Debt affects many aspects of our lives and shapes our socio-economic relationships. But where and how do debt economies materialize in cultural, local and global, individual and collective relationships? This and other questions will be explored in the exhibition Unsettling Matters of Interest, which will be on view at the GAK from May onwards. As a prologue to the exhibition, the GAK invites to a performance by Lili Huston-Herterich and a reading by Miriam Stoney. Both artists will also be represented with works in Unsettling Matters of Interest.

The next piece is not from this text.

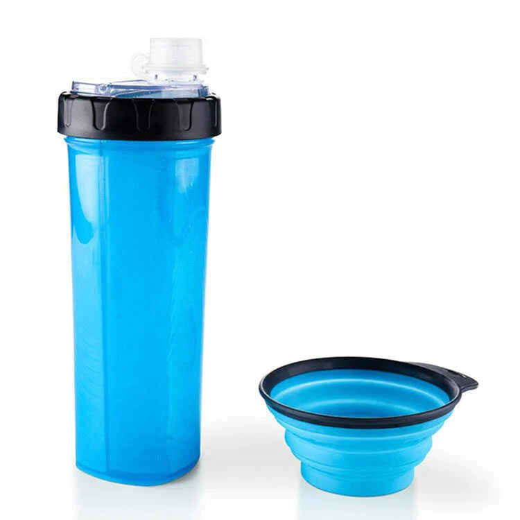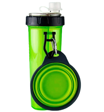 Botella de dos Divisiones para colocar el alimento o bebida de sus mascotas mas un plato desplegable

The performance Let Me Tell You About This Shoe positions the presentation of artistic research and work as gift-giving. Huston-Herterich uses humour as a vehicle to propose modes of artistic, learning, and citation practices that challenge the illusion of an untethered individual, enforced by neoliberal mantras for independent labour and success with an origin in colonial exploitation and social oppression. Lili Huston-Herterich (*1988) works in various media to explore the relationships between her surroundings, history and people.
In her text Debt Verses, Miriam Stoney reflects on the concept and the various dimensions of “debt”, on its effects on the self-image and on relations in the context of class and spatio-temporal situatedness between past, present and future. Miriam Stoney (*1994) is a writer, artist and performer. Her artistic practice is mostly collaborative and text-based, but also includes performance, audio and installation.